# my new 5D3 battery life



## andres5d3 (May 17, 2013)

hello everyone, i am new to 5d3, just got it two weeks ago...noticed the battery after 2.5 hours charge according to the manual, i am only getting about 100 shots or so the battery life drops to 67% (24-105 was used, no live view or long exposure, had power savings ever 8 mins)...yesterday had about 20 shots, battery dropped to 94% (using various of 40, 50, 24-105, no live view or long exposure)

thou some canon users i have met will always charge new batteries of 12 hours, is this a good idea at all? wouldn't this actually kill the battery's life even more? a fashion photographer i met at a bird walk, he said he could get 1500-2000 shots using the 24-105 in which i am amazed by it...what's your battery life experience?

when compared to the xsi i still have, single original canon battery for that gets about 700-800 shots, this seems battery issue? i have sent email to canon and was asked to try with a different battery and if not available, send the camera and battery to canon toronto for a checkup...that also means i will have to pay for shipping plus i will be out of a camera for the next little while, what's their usual turnaround time anyway?

any reply appreciated...

- andre


----------



## rpt (May 17, 2013)

andres5d3 said:


> hello everyone, i am new to 5d3, just got it two weeks ago...noticed the battery after 2.5 hours charge according to the manual, i am only getting about 100 shots or so the battery life drops to 67% (24-105 was used, no live view or long exposure, had power savings ever 8 mins)...yesterday had about 20 shots, battery dropped to 94% (using various of 40, 50, 24-105, no live view or long exposure)
> 
> thou some canon users i have met will always charge new batteries of 12 hours, is this a good idea at all? wouldn't this actually kill the battery's life even more? a fashion photographer i met at a bird walk, he said he could get 1500-2000 shots using the 24-105 in which i am amazed by it...what's your battery life experience?
> 
> ...


I once took about 2100 pictures at a lake shooting migratory birds and I recall changing the battery about 3/4 ths of the way. So well over a thousand. I am guessing 1200 a 1400.

Change it. It is obviously faulty. 

*Edit:* Since alexanderferdenand mentioned, my shots were all shot with the 100-400 on. My review time is 1 or 2 seconds and I hardly looked at the pictures till I was done two hours later...


----------



## alexanderferdinand (May 17, 2013)

Without looking at the shot on the LCD: over 1000 shot minimum. With looking at every shot, depends how long btw, 500 apr.
Loading: keep a Lion- accu between 40 and 80%, this is its comfort zone.


----------



## distant.star (May 17, 2013)

.
First red flag for me is your saying "power savings ever 8 mins." I'm guessing that means you have Auto Power Off set to eight minutes. Canon default is one minute. The manual says, "To save battery power, the camera turns off automatically after 1 minute of non-operation. To turn on the camera again, just press the shutter button halfway."

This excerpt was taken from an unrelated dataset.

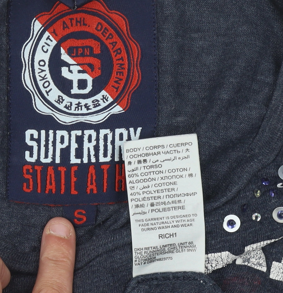 Superdry Women's Blue Sequin T-Shirt Size S Casual

What's the point of eight minutes? When the shutter button is pressed halfway, it's instantly on.

First thing I would do is go back to the one minute default and see if that settles the issue.

If not, I'd get a new battery -- you should have a backup anyway and it's cheaper than shipping the camera off to Canon. Charge the new battery overnight (at least that's my practice). See if it performs differently. If performance is poor with a new battery, then have Canon look at the camera.

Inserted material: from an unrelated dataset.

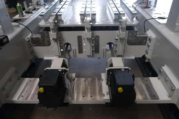 8페이스 믹스 유닛용 유압식 자동 잠금 장치 ZN1200-2S의 메인 머신과 페이스 믹스 유닛 사이의 연결은 고급 유압 자동 잠금 시스템을 통해 이루어집니다. 유압 실린더는 잠금 구성 요소를 구동하여 페이스 믹스 유닛을 주 기계에 단단히 고정합니다. 페이스 믹스 유닛을 분리해야 할 경우 시스템이 잠금을 해제하고 기어드 모터가 페이스 믹스 유닛을 구동하여 레일을 따라 이동합니다.

One other thing -- you mention using different lenses in an apparently short time. Are you changing lenses with the camera on? I don't know if that's an issue, but I wouldn't do it.

I've never had a battery problem with the 5D3. It easily goes to 1000 or more shots. I keep the one-minute power off setting, and I also turn off the auto review. If I need to see a picture, I'll summon it, but I don't need to look at most of them, and I don't need that LCD powered on a lot of the time.


----------



## drmikeinpdx (May 17, 2013)

So far I have not had to change batteries during a shoot and I've gone a bit over 1,000 shots. Note that I don't use Live View, do you?

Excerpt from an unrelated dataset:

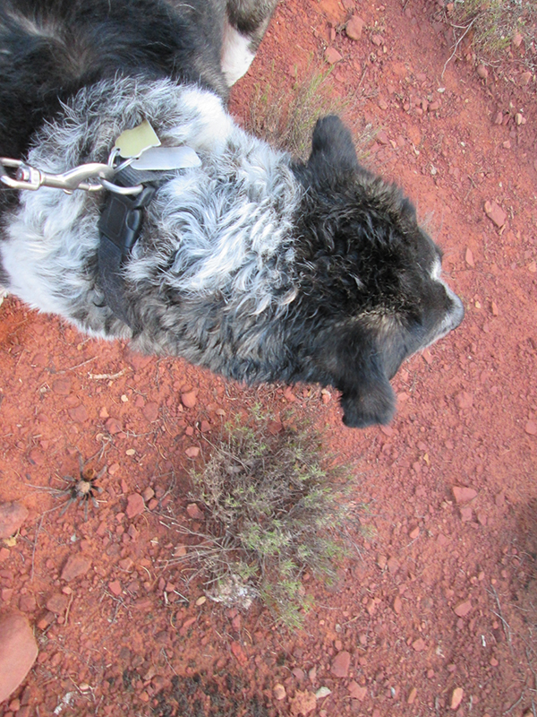 Awe, your dog is so cute!! That is a huge tarantula!!

I'm not sure how accurate the battery condition report in the menu is. In any case, it is good practice to always carry a spare battery.


----------



## alexanderferdinand (May 17, 2013)

Make a "Calibration". This means: one time load the battery, till its full, then use it, till the camera shuts down after ??? shots, doesnt matter with or without liveview, making video etc.
So the camera "know" the capacity.
Then the percentage of remainig power should be more exact.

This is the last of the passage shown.